Guy Geltner

University of Amsterdam, Netherlands (UNIAM)

Guy Geltner is Professor of Medieval History at the University of Amsterdam. Mainly focused on Western Europe in the 13th and 14th centuries, my primary interests lie in the shifting boundaries of social order and disorder and the ways in which individuals, societies, and polities have sought to create, protect, and at times ignore them. Much of my work is based on records excavated from Italian city-state archives, which means that many of the questions I deal with concern an urban context. Both before and after the publication of my first book, The Medieval Prison: A Social History (2008), I have had a strong interest in the history, anthropology, and sociology of punishment, which led me to challenge some prevalent distinctions between modern and pre-modern practices. My most recent exploration in this field concerns the original creation of female wards in pre-modern prisons, and what that can tell us about the relations between gender, deviance, and punishment. My second monograph, The Making of Medieval Antifraternalism: Polemic, Violence, Deviance, and Remembrance (2012), is a study of opposition to the medieval mendicant orders and its role in mendicant memory.
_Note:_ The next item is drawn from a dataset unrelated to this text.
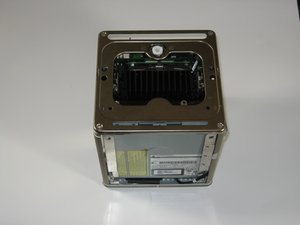 If the Cube has an Airport card installed, it must be removed. This can be accomplished by disconnecting its antenna, and pulling gently on the clear plastic tab on its end. The bracket it is contained in must be unlatched from the frame and rotated out of the way to get to the two optical drive mounting screws beneath it.

It explores resistance to friars in literature, church doctrine, civic law, and social action, and questions the traditional parallels drawn between the brethren's negative reception and other forms of coeval and later anticlericalism. Two further interests I am pursuing are the history of pre-modern public health, especially urban preventative measures, and the history of corruption in both civic and ecclesiastical milieus. Both topics are new to me as research fields, but I have begun publishing on the former, while the latter topic will be developed in the context of an FP7 project on anti-corruption funded by the European Commission.